Executive Summary:
This project reports the results of an experimental study conducted to demonstrate the feasibility and
capability of magnetorheological (MR) dampers commanded by a decentralized control algorithm for
seismic control of nonlinear civil structures considering soil-structure interaction (SSI). A two-story
reinforced concrete (RC) frame resting in a laminar soil container is employed as the test specimen, and
two MR dampers equipped in the first story are used to mitigate the response of this frame subjected to
various intensity seismic excitations. A hyperbolic tangent function is used to represent the hysteretic
behavior of the MR damper and a decentralized control approach for commanding MR dampers is
proposed and implemented in the shaking table tests. Only the response of the first story is feedback for
control command calculation of the MR dampers. The results indicate that the MR damper can effectively
reduce the response of the soil-structure system, even when the soil-structure system presents complex
nonlinear hysteretic behavior. The robustness of the proposed decentralized control algorithm is
validated through the shaking table tests on the soil-structure system with large uncertainty. The most
interesting findings in this project are that MR dampers not only mitigate the superstructure response,
but also reduce the soil response, pile response and earth pressure on the pile foundation.

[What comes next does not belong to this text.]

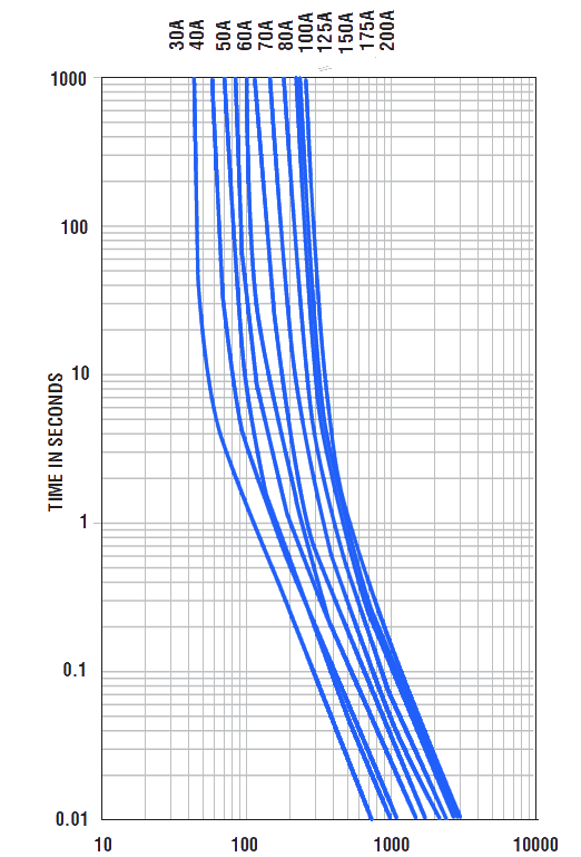 Specifications Interrupting Rating: 1000A @ 58 VDC Voltage Rating: 32/48/58 VDC Operating Temperature Range: -40?C to + 125?C Housing: Transparent Nylon Composite Terminal: Tin plated Copper Mounting Torque M5: 4.5 Nm +/- 1Nm Complies with: ISO 8820-5 UL 248 Special Purpose Fuses Time-Current Characteristics

A two-story, single-bay, reinforced concrete (RC) frame is employed as the specimen in this study.
Experimental investigations are performed in the Structure Laboratory at the Institute of Engineering
Mechanics (IEM), China Earthquake Administration. The test structure used in this experiment as shown
in figure 1 is a two-story reinforced concrete frame. A laminar container aimed at simulating free
field boundary conditions of the soil deposit is shown in figures 1 and 2. The pile foundation designed for
this study is composed of an RC pile cap and four RC piles. The pile cap is designed to have sufficient
rigidity, with 2.0 m × 2.0 m in plan and 0.15 m in thickness. The mass of the pile cap is 1.5 ton. The piles
have the same cross section as the columns of the superstructure. Two MR dampers are incorporated
into the first story of the structure in two bays. The load cells and linear variable differential transformers
(LVDT) are installed to respectively measure the damper force and damper deformation, as shown in
figures 1 and 2. The box is comprised of 15 rectangular steel rings. Linear roller bearings are arranged
between rings to permit relative movement in the longitudinal direction with minimal friction.
The drifts of the structure and control force under the high level input are shown in figure 8. These
results show that the control force of semi-active control is quite the same as that of passive-on
control, resulting in a similar reduction in structural response, as listed in table 2. In the high PGA case,
the reduction achieved by the semi-active control is better than other PGA cases on both displacement
responses and acceleration responses; the drifts of pile cap and superstructure are all reduced over
50% and all their accelerations are smaller than those without control; and as shown in table 2, the
uncontrolled structure undergoes remarkable damage. Focusing attention on the magnitude of the
control force, it can be observed that the maximum control force of passive-off control is only 200 N in
contrast to 900 N for both semi-active control and passive-on control. Therefore, the passive-off control
cannot achieve the high reduction as the passive-on control and semi-active control do.
Figure 1. Photo of the test set-up on the IEM shaking table and the detailed design results of the frame: (a) top view, (b) front view
Figure 2. Schematic diagram of the control test set-up.
Through shaking table tests of a two-story RC frame resting in a laminar soil container, the feasibility,
capability and robustness of the MR damper commanded by the decentralized control methodology have
been validated. Nonlinear behavior of the test RC structures is treated as an unknown nonlinear term and
the soil-structure interaction is treated as an additional external excitation in this control strategy. For
all selected PGA levels, the mitigation in response achieved by both semi- active control and passive-on
control is quite similar in this experiment. In contrast, the control effectiveness of passive- off control is
slight, especially at the low PGA and medium PGA cases. In the high PGA case, the MR damper with semiactive control and passive-on control can well prevent the structure from severe damage and the
reduction achieved by the MR dampers is remarkable. In addition, both superstructure response and soil
response can be mitigated by the MR dampers. The mitigation in soil response can decrease the earth
pressure, i.e. the input to the superstructure.